INSTRUCTIONS FOR THE TASK: Given the records below, would you repeat exactly the lines that begin at the one containing "Fitted XRD patterns" and end at the one containing "صحَّحت الياءَ قَبْلَهَا،", inclusive?
DATA SECTION section start
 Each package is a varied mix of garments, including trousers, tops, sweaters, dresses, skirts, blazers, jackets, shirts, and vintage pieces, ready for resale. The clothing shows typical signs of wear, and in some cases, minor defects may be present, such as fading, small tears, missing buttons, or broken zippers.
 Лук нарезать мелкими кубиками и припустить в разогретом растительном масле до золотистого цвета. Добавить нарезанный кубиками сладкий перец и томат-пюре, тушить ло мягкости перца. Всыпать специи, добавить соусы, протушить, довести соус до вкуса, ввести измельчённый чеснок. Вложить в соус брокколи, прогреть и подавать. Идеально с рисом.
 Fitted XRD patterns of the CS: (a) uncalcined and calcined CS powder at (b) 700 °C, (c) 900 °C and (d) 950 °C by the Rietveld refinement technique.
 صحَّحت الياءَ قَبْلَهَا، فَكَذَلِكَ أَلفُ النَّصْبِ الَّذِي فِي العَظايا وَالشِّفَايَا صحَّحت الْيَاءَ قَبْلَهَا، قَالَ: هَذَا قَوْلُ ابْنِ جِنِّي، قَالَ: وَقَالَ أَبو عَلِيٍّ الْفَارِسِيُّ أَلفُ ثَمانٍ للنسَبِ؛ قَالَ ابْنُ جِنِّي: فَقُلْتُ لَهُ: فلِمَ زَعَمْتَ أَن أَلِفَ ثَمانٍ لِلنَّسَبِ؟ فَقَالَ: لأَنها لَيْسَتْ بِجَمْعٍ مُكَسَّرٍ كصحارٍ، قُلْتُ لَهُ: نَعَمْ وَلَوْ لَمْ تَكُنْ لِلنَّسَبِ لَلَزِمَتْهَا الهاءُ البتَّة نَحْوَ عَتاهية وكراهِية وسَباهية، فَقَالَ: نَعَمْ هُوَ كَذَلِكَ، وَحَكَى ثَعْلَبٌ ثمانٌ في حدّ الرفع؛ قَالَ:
DATA SECTION section end
DATA SECTION section start
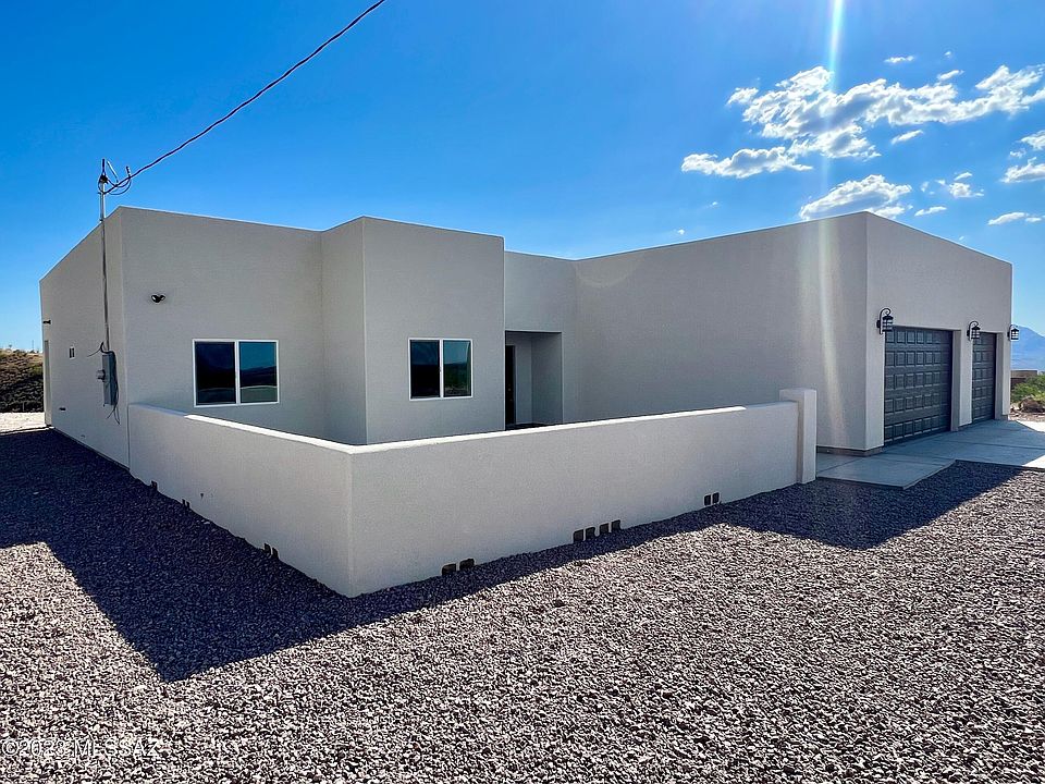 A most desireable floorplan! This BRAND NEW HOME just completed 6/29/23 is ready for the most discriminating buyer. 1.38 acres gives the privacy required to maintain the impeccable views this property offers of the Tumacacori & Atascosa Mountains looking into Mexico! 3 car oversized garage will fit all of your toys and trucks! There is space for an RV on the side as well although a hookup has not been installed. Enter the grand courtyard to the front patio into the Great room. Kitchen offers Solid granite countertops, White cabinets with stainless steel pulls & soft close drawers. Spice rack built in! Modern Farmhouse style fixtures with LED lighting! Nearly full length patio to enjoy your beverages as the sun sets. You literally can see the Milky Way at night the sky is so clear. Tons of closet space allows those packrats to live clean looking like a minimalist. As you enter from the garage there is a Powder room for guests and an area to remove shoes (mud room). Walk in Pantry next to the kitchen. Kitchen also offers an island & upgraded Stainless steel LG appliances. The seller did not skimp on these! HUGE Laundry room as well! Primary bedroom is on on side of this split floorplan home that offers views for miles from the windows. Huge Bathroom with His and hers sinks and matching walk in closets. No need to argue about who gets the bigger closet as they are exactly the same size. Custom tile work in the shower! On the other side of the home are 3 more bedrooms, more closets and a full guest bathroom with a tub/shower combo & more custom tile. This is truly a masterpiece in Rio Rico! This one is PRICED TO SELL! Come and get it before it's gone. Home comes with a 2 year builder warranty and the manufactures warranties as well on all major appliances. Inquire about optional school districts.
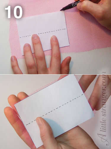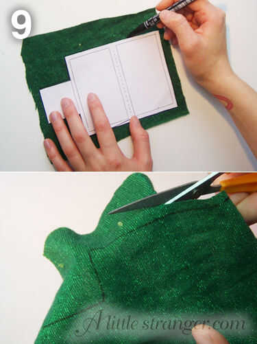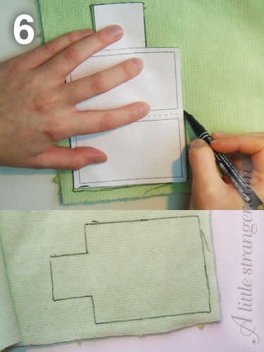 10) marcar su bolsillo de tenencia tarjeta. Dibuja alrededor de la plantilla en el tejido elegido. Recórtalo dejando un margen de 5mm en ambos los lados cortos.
DATA SECTION section end
RESULT:
 Fitted XRD patterns of the CS: (a) uncalcined and calcined CS powder at (b) 700 °C, (c) 900 °C and (d) 950 °C by the Rietveld refinement technique.
 صحَّحت الياءَ قَبْلَهَا، فَكَذَلِكَ أَلفُ النَّصْبِ الَّذِي فِي العَظايا وَالشِّفَايَا صحَّحت الْيَاءَ قَبْلَهَا، قَالَ: هَذَا قَوْلُ ابْنِ جِنِّي، قَالَ: وَقَالَ أَبو عَلِيٍّ الْفَارِسِيُّ أَلفُ ثَمانٍ للنسَبِ؛ قَالَ ابْنُ جِنِّي: فَقُلْتُ لَهُ: فلِمَ زَعَمْتَ أَن أَلِفَ ثَمانٍ لِلنَّسَبِ؟ فَقَالَ: لأَنها لَيْسَتْ بِجَمْعٍ مُكَسَّرٍ كصحارٍ، قُلْتُ لَهُ: نَعَمْ وَلَوْ لَمْ تَكُنْ لِلنَّسَبِ لَلَزِمَتْهَا الهاءُ البتَّة نَحْوَ عَتاهية وكراهِية وسَباهية، فَقَالَ: نَعَمْ هُوَ كَذَلِكَ، وَحَكَى ثَعْلَبٌ ثمانٌ في حدّ الرفع؛ قَالَ:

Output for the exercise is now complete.